No new features. Just writing down what the proxy revealed. Why the address embedding approach worked. What each failure mode meant at the architecture level. What the specific failures were under each test condition.

I also added color output to the proxy stats, reorganized the folder structure — proxy_v1 for routing only, proxy_v2 for delay and loss — and prepared notes for the blog post.

There's a version of me that would skip this day. The problem was obvious, the solutions were obvious, just start building. But the problem wasn't quite as obvious as I thought. The difference between "network is unreliable" as an abstract fact and "here are the six specific things that break in my specific codebase when latency hits 100ms" is the difference between understanding something and knowing what to actually fix.

Writing forces you to be precise. You can't write a clear explanation of something you half-understand.

Thursday I spent reading. Glenn Fiedler's networking articles. Gabriel Gambetta's client-server game architecture series. Valve's Source engine documentation.

I'd read Gambetta before, back in Week 5. The concepts were interesting but vague. Client prediction. Server reconciliation. Lag compensation. I'd read the words without fully understanding the problems they were solving.

Reading them Thursday was different. I had a concrete failure in front of me. Every technique Gambetta described mapped to something specific I'd watched break on Tuesday.

The key insight: not everything needs to be reliable.
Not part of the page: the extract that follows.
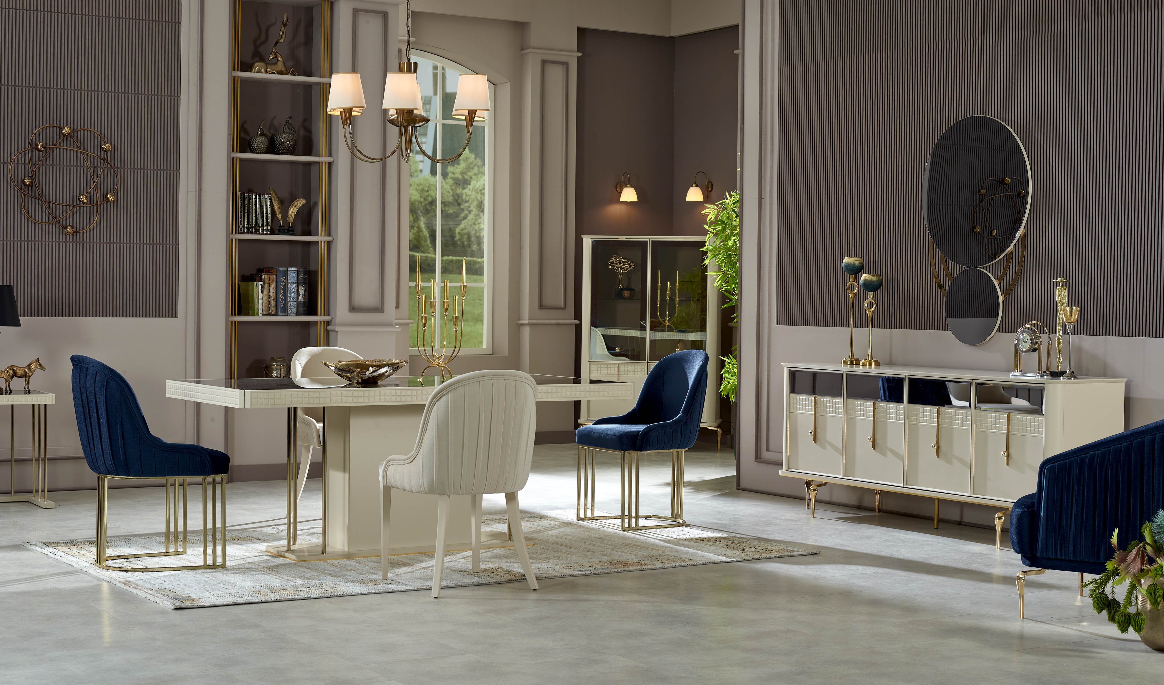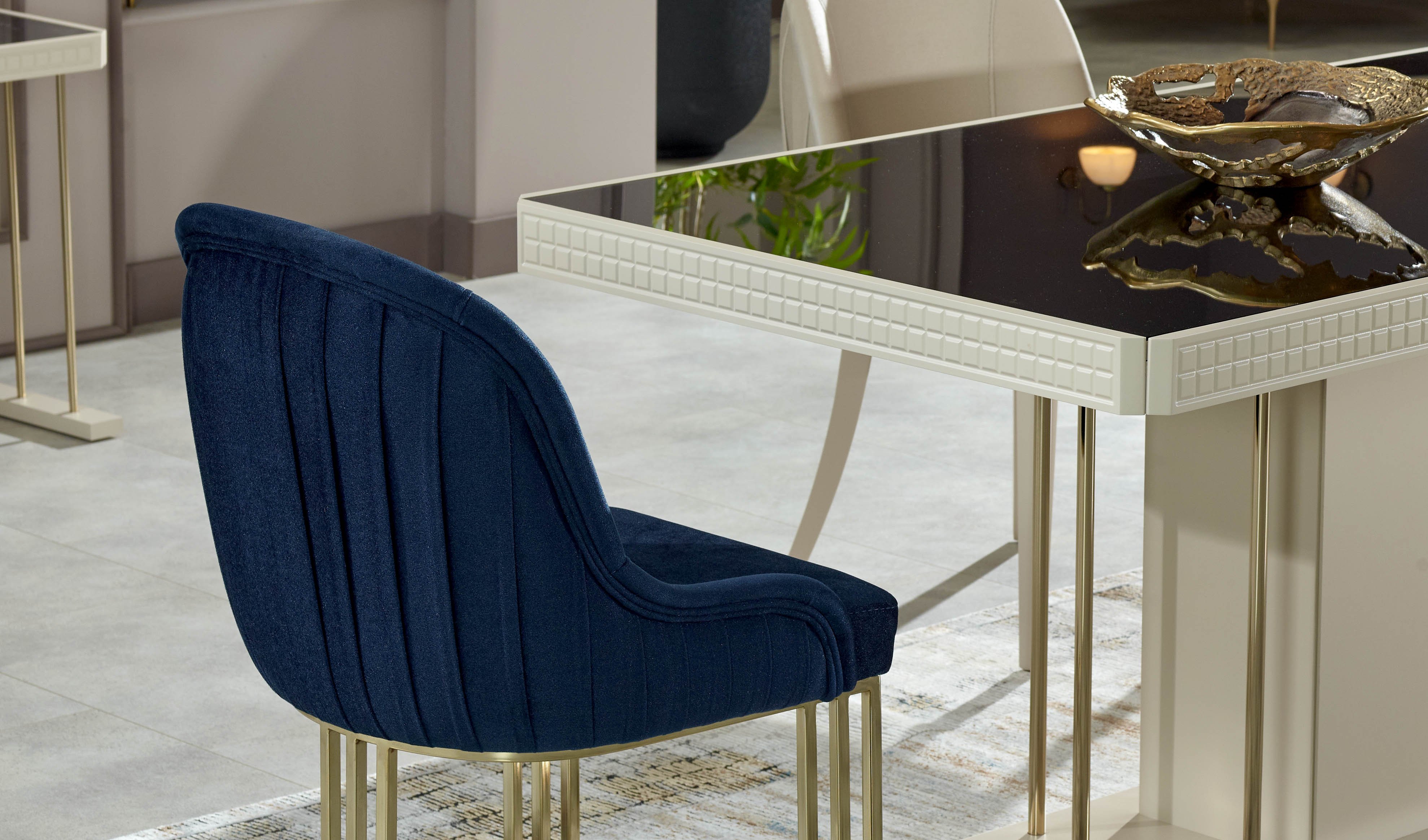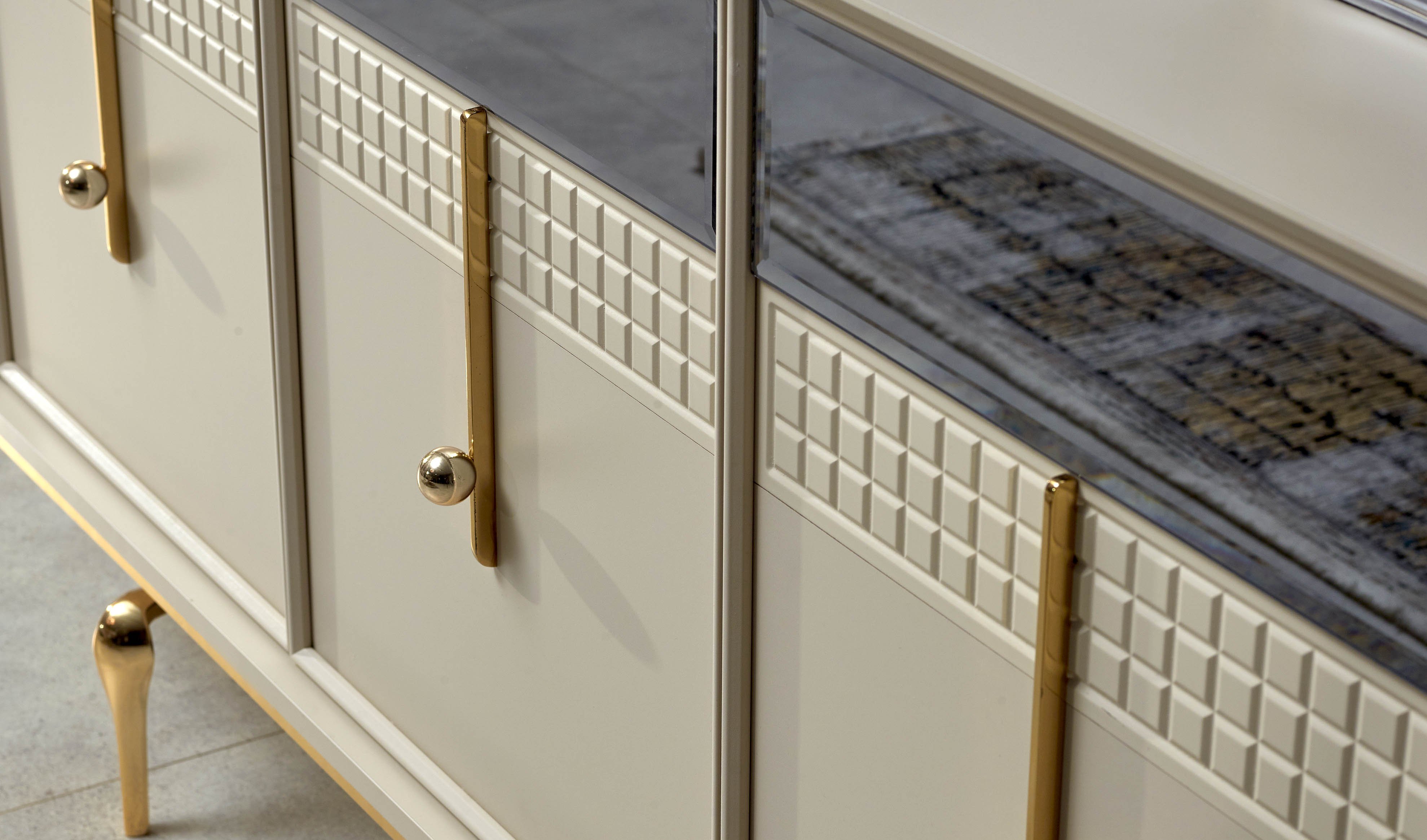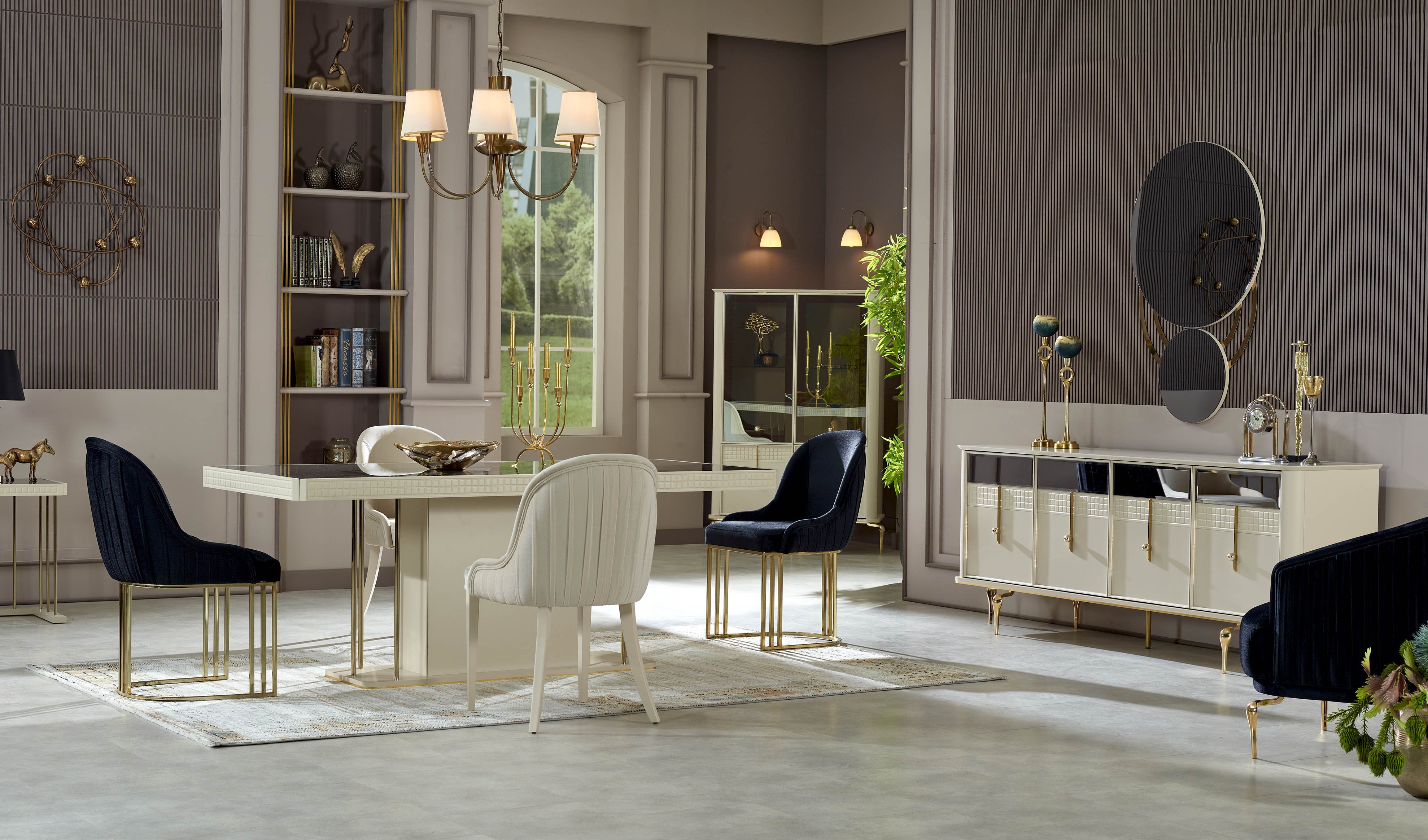 Sofranızda modern ve gösterişli bir atmosfer yaratmanın yolu Helenka Yemek Odasıyla mümkün. Seriye özel gold kaplamalı kulplar ve ayaklar, kapaklarda CNC işlemeli desenler ve konsol aynasındaki lazer kesim altın renk metal uygulamalar evinize lüks bir dokunuş katacak.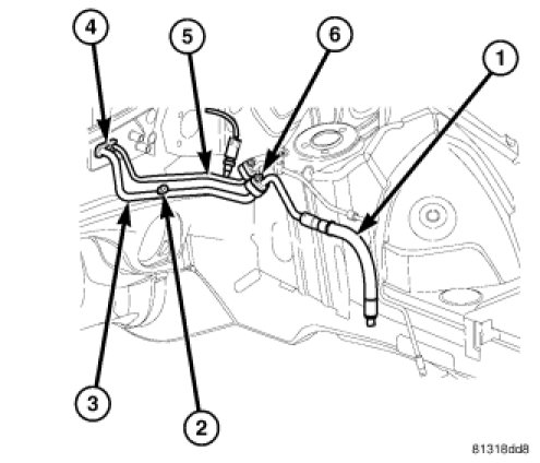 The A/C suction line is the refrigerant line that carries refrigerant from the A/C evaporator to the A/C compressor. The A/C suction line is serviced in two sections. The front section of the suction line (1) connects to the rear section of the suction line (3) with a nut (6). The rear section of the A/C suction line includes the low side service port (2) and is secured to the A/C expansion valve by a tapping plate (4). The rear section of the A/C suction line is serviced as an assembly with the rear section of the A/C liquid line (5).

Position updates are fine as fire-and-forget UDP. If one drops, the next one arrives 33ms later with more accurate data. Retransmitting old positions would add latency for no benefit. But connection handshakes, treasure collection confirmations, player joins — these can't be lost. One dropped connection packet and the server never knows a client exists. That's a permanent failure with no recovery.

Selective reliability. Not everything needs an ACK. But some things absolutely must have one.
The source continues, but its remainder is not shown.